From ...
From: Erik Naggum <clerik@naggum.no>
Subject: Re: Vector help
Date: 1998/02/19
Message-ID: <3096859997279323@naggum.no>
X-Deja-AN: 326500088
References: <MPG.f551f0c75b5b6d3989684@newsreader.wustl.edu>
mail-copies-to: never
Organization: Naggum Software; +47 8800 8879; http://www.naggum.no
Newsgroups: comp.lang.lisp


* Kevin Goodier
| I have a list of length 32, and I'm going to be altering a couple of
| elements in it multiple times (meaning I'll be making many many copies of
| it).  I'm thinking that a simple vector would be the most efficient (i'm
| looking for FASTEST) way to go, but I can't for the life of me find a
| built-in function to convert a list to a vector.  Is there an easy and
| efficient way to do this??

  I think

(make-array 32 :initial-contents <list>)

  is the fastest and easiest way to convert a list of known length to a
  vector of known size.  I also have reason to expect

(make-array (length <list>) :initial-contents <list>)

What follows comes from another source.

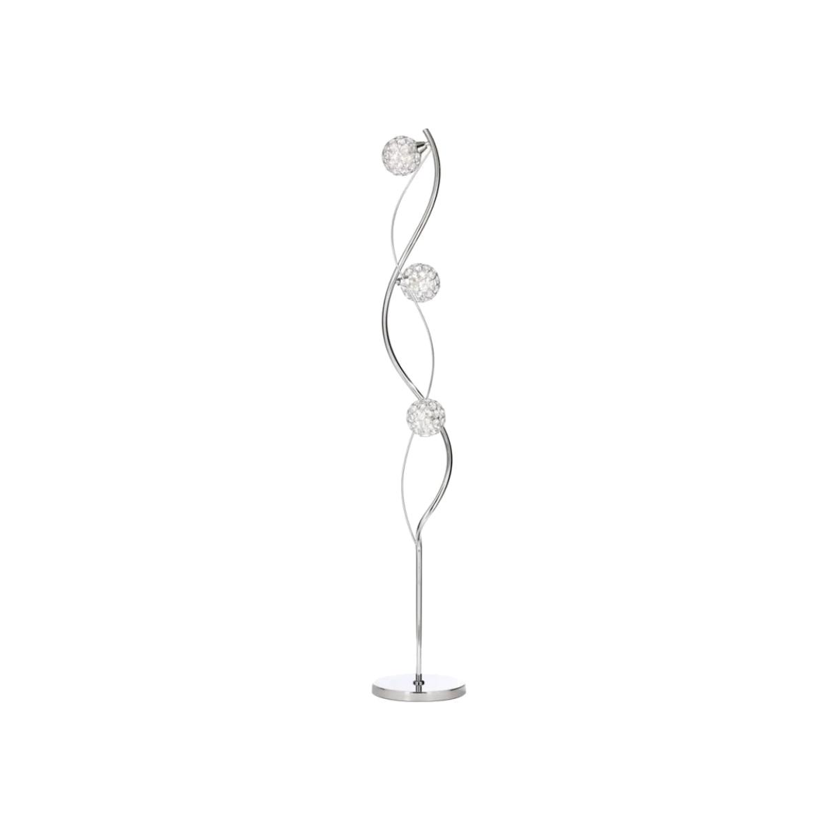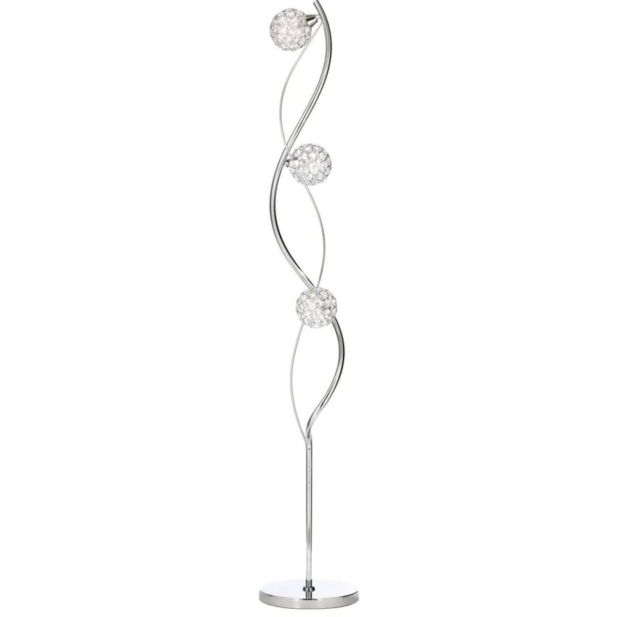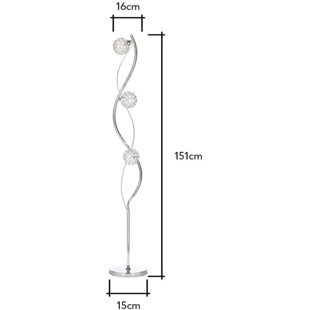 Introducing the beautifully elegant Orianna floor lamp from BHS. Its chrome-finished arms curl gracefully from the base, forming a mesmerising spiral design. Three spherical shades sit at the ends of these arms, each adorned with crystal-effect detailing that casts a stunning light pattern onto the walls. Perfect for creating a warm, ambient glow, this floor lamp is an ideal statement piece for bedrooms and living rooms. Number of Lights 3 BulbsType G9  Max wattage 3 Watt (LED Only Inline Switch Dimensions Height 151cm Width 16cm Shade Height 11cm Shade Diameter 11cm Base Diameter 5cm Weight 7kg All screens vary in colour reproduction and whilst every effort has been made to display the colour as accurately as possible it is for guidance only.

  to be faster than the other suggestions in the unknown length case.

| The list is being given to me, so I can't just create a vector instead 
| (unfortunately).  Is a simple vector going to be significantly faster?

  well, there's faster and there's faster.  accessing element n in a list
  is an O(n) operation in the general case, whereas accessing element n in
  a vector is an O(1) operation.  the special case of accessing element n+1
  when you last accessed element n is O(1) in both cases if you code well.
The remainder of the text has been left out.